- [Material shown]:

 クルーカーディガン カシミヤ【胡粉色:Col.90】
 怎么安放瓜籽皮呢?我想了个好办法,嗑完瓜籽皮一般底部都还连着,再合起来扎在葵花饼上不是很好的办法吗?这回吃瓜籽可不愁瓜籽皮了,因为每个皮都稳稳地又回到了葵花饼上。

* * *

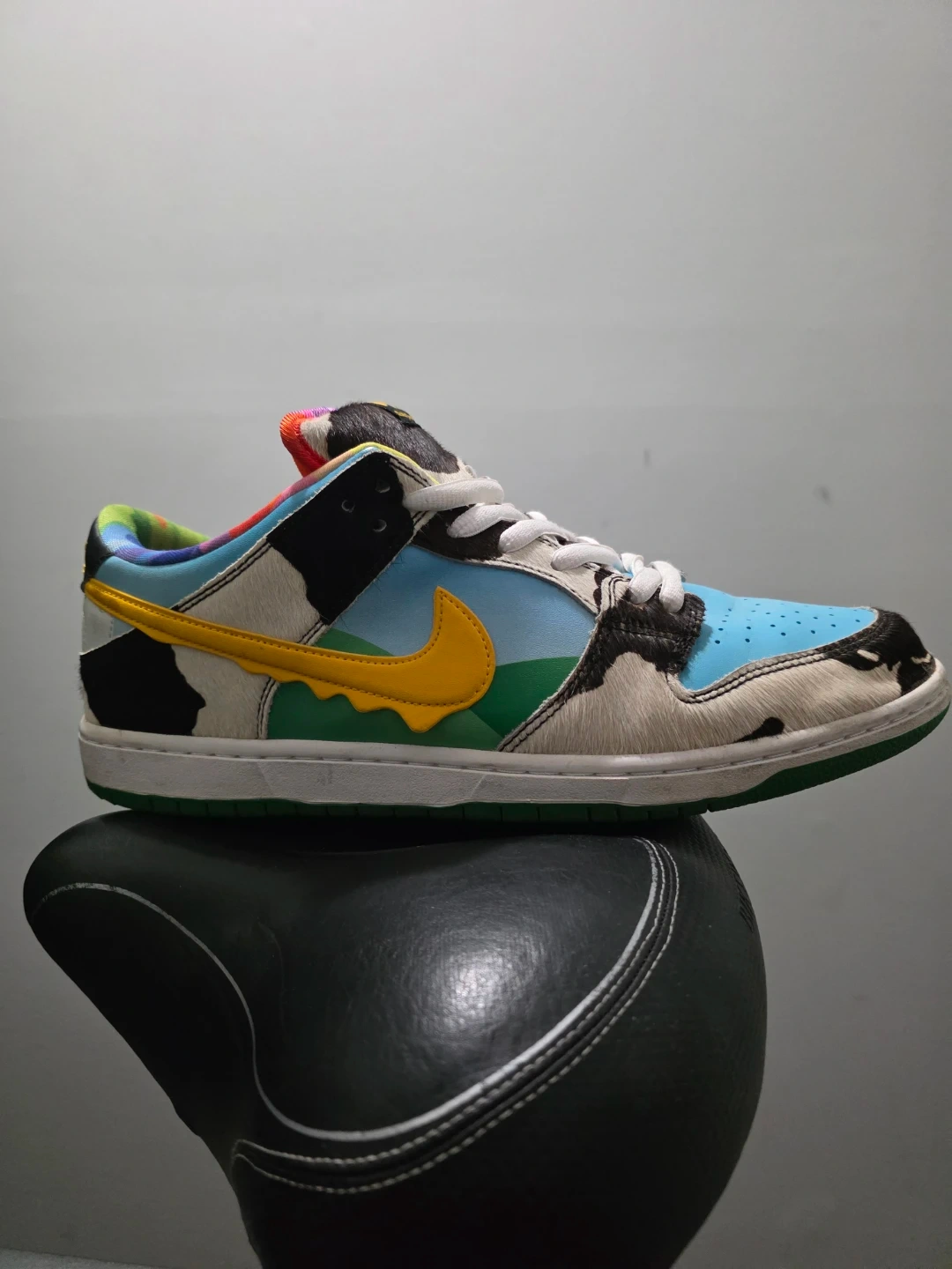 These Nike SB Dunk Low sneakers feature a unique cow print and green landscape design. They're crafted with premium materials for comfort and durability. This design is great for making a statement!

- [Required work]: Among the entries above, find the line with "クルーカーディガン カシミヤ【胡粉色:Col.90】" and the line with "怎么安放瓜籽皮呢?我想了个好"; give again exactly these two lines and all lines between them.

- [Answer section]:
 クルーカーディガン カシミヤ【胡粉色:Col.90】
 怎么安放瓜籽皮呢?我想了个好办法,嗑完瓜籽皮一般底部都还连着,再合起来扎在葵花饼上不是很好的办法吗?这回吃瓜籽可不愁瓜籽皮了,因为每个皮都稳稳地又回到了葵花饼上。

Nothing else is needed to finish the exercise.